The court granted permission for the applicants to continue to act as directors of, and be involved in the management of, certain companies within the Fourfront Group. The applicants offered disqualification undertakings following an investigation by the Competition and Markets Authority (CMA) which found breaches of competition law within the group. The CMA is increasingly flexing its muscles in this area, with nine of the 12 competition disqualifications that have been obtained by the CMA having been secured in the last year, and this was the first application for permission to act as a director following a competition disqualification. Written by Christopher Buckley, barrister at Radcliffe Chambers, who appeared for the claimants.

Re Fourfront Group Ltd and others [2019] EWHC 3318 (Ch)

What are the practical implications of this case?

This was the first occasion on which the court considered competition disqualifications.

The relevant sections (ss 9A-9E) were inserted into the Company Directors Disqualification Act 1986 (CDDA 1986) in 2003, but the first disqualification was not obtained by the CMA until December 2006. The CMA is now looking to make greater use of its power to apply for disqualification orders/accept disqualification undertakings and has obtained 12 disqualifications, including nine in the last year, all by way of undertaking.

In terms of how the court will approach applications for permission to act in competition cases the following is of note:

  • it appears the court will be more cautious in competition cases. As noted below, the judge observed that the competition breach involved dishonesty. He also noted that while the bracket into which the disqualification period falls is a convenient shorthand, it is the seriousness of the conduct that should be considered rather than the period of disqualification per se  
  • the correct starting point is the schedule of unfitness. The judge did not have regard to either (i) the factors the applicants sought to highlight to demonstrate the low risk they posed, or (ii) the pre-undertaking correspondence and primary materials put in evidence by the CMA  
  • the court had little trouble in accepting that there was a need for the applicants to continue in their roles, notwithstanding the opposition from the CMA  
  • the judge rejected the CMA’s argument that the application should be refused on the basis that allowing the applicants to continue in their roles would undermine the general deterrent effect of the competition disqualification regime

What was the background?

In July 2019, the CMA accepted disqualification undertakings from the applicants in accordance with CDDA 1986, s 9B for one year and six months and two years and nine months.

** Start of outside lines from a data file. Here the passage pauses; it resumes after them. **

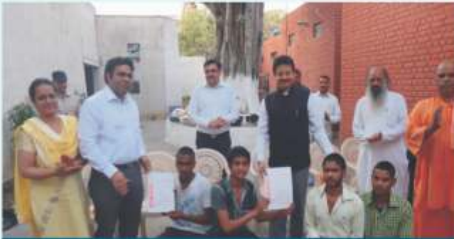
Child Shelter Home & Observation Home, Faridabad

To ensure proper legal protection to the vulnerable and marginalized section, the Chairmen cum District and Sessions Judges alongwith Chief Judicial Magistrates-cum-Secretaries have been making visits regularly every month to Children Homes, Shelter Homes, Observation Homes and Old age homes across the State of Haryana under the instructions and guidance of the Haryana Legal Services Authority. Deficiencies are taken up with the concerned authorities. Legal aid is also provided in appropriate cases.
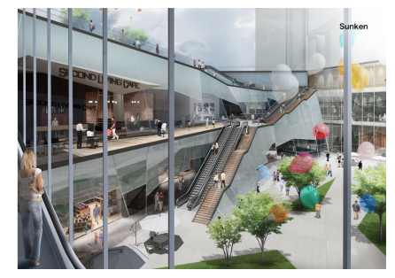
Sunken Design Concept
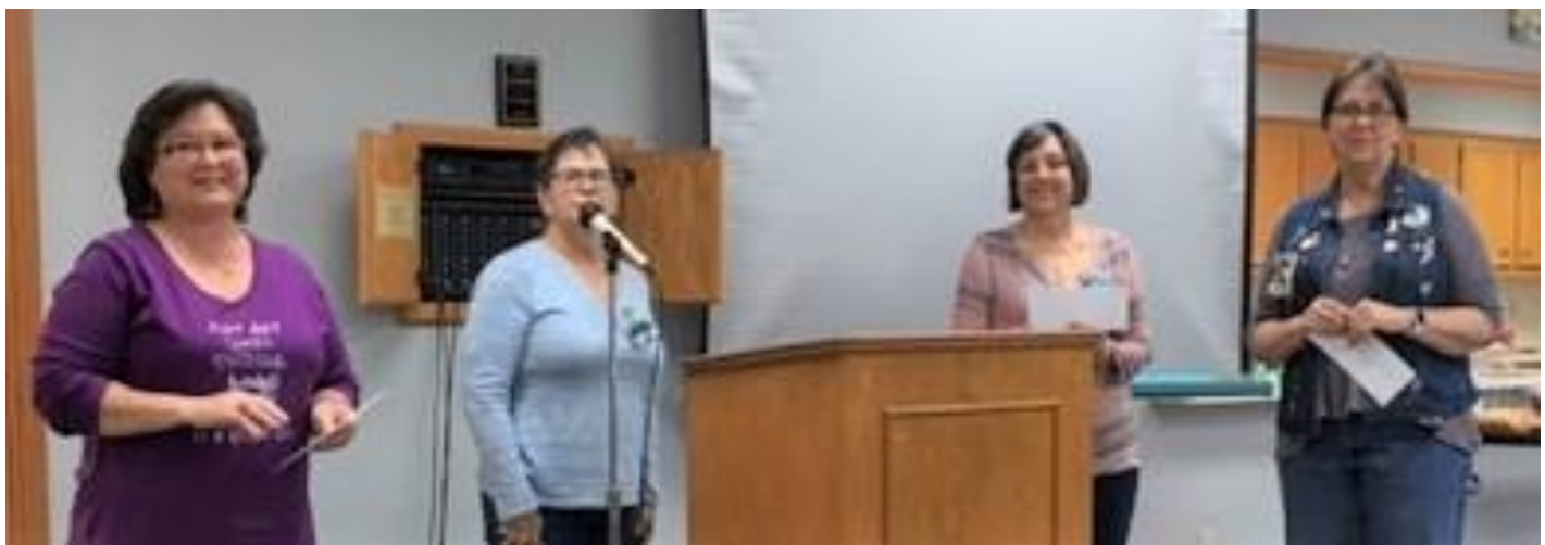
Prizes were awarded for the September Challenge, "Won't You Be My Neighbor".
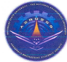
AEROESS - Aerospace Engineering Students' Society
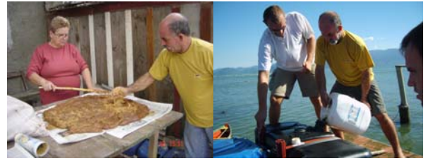
Identity and support material of the Projeto Ciclo .

In the case of recycling vegetable oil as an action, the design was applied as based upon the foundations of Design Management, with the objective to aid in the consolidation of the action: not only in defining a name, but also in the development of a visual identity and advertising materials, as well as replication of the action creating the potential for action replication in other communities. As such, it was verified that the principal problem would be in promotion and advertising, keeping in mind the lack of knowledge of the population towards the negative impacts which discarding used vegetable oil can entail.
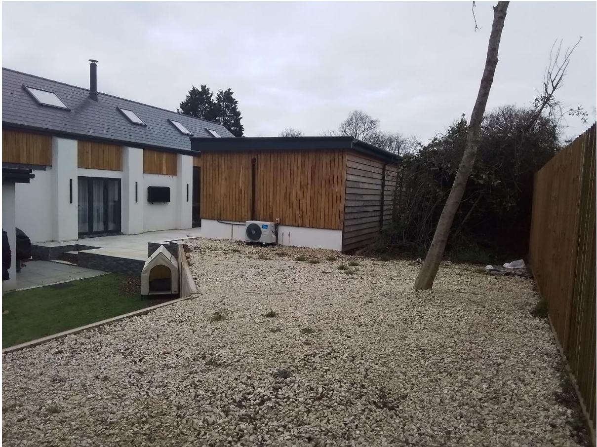
Annex extension in foreground
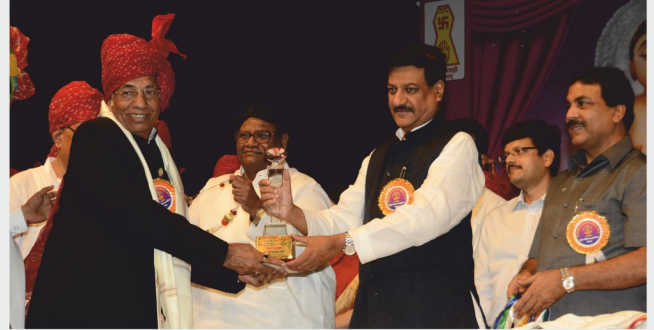
Honored at Jain samaj ratna award - 2013 by Ex CM Shri Prithviraj Chauhan
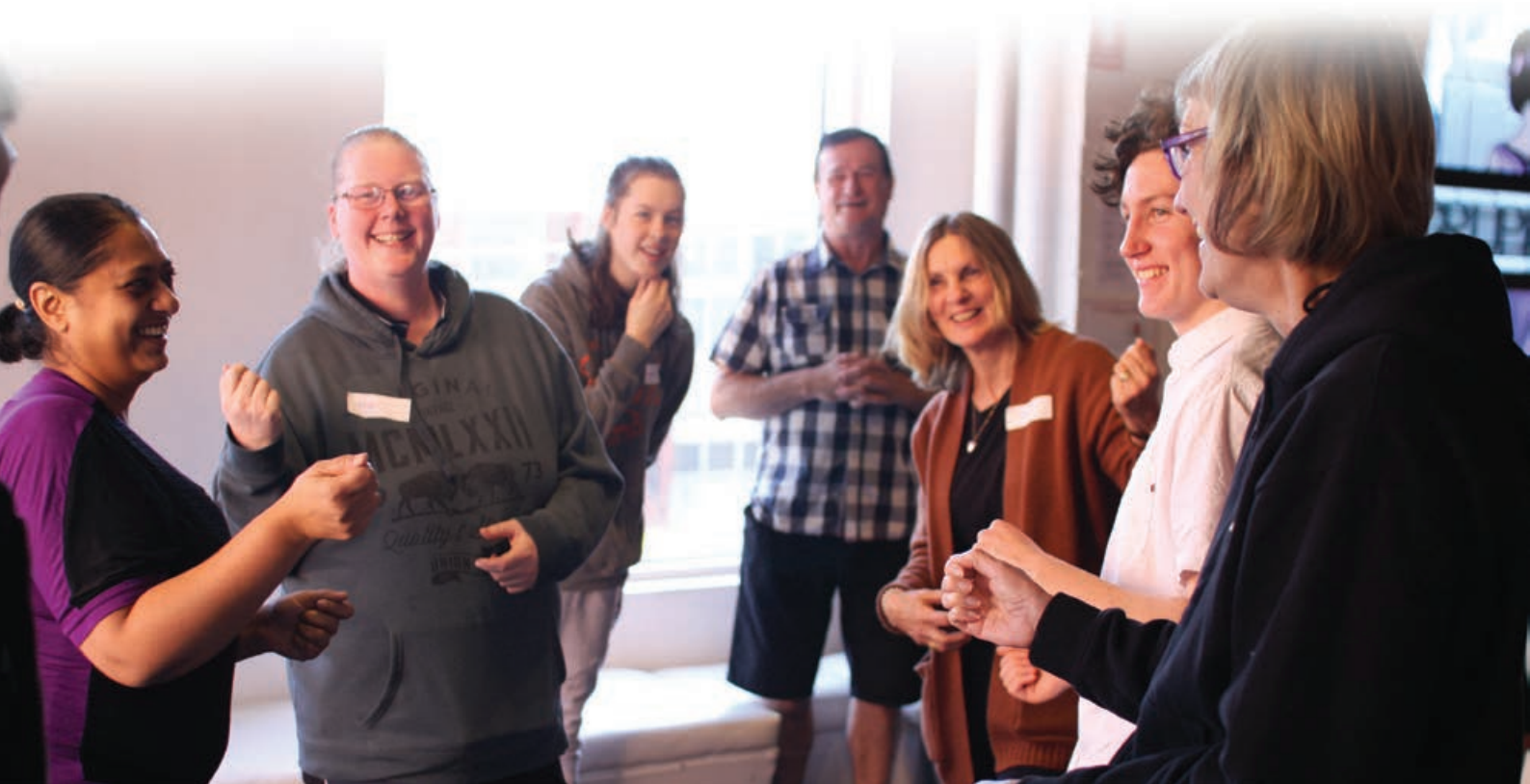
Below: Reach Foundation

The disqualifications arose out of an investigation by the CMA into competition breaches in the design, construction and fit-out services sector. The Fourfront Group, which consists of five active companies (three operational companies and two holding companies), reached a settlement with the CMA in early 2019, admitting a number of breaches of the prohibition in section 2 of the Competition Act 1998 in the form of cover bidding. The applicants, who were directors of various companies within the group, later offered disqualification undertakings arising from their contribution to the infringements.

The CMA agreed that the undertakings would not take effect for 70 days to enable an application for permission to act pursuant to CDDA 1986, s 17 to be made. Within said 70-day period, Mr Davies applied for permission to continue as a director of one of the operational companies and Mr Stamatis applied for permission to continue as a director of the two holding companies and to be involved in the management of, but not a director of, the three operational companies.

The applications were opposed by the CMA on the grounds that:

  • the applicants could not demonstrate a need for them to continue in their roles  
  • for them to be granted permission to continue would undermine the general deterrent effect

What did the court decide?

The court granted the permission sought on the conditions suggested by the applicants.

The judge agreed that the court’s approach in competition cases should be similar to that governing any other application under CDDA 1986, s 17, but that the court would have a particular focus on whether the giving of leave posed a risk of a future competition law breach. One notable difference was that any competition disqualification based on cover bidding or similar necessarily involved deception, regardless of the disqualification period (in run of the mill disqualification cases, a lower bracket period would almost always be imposed for a minor or ‘technical’ wrong), and that required the court to keep public protection in the forefront of its mind.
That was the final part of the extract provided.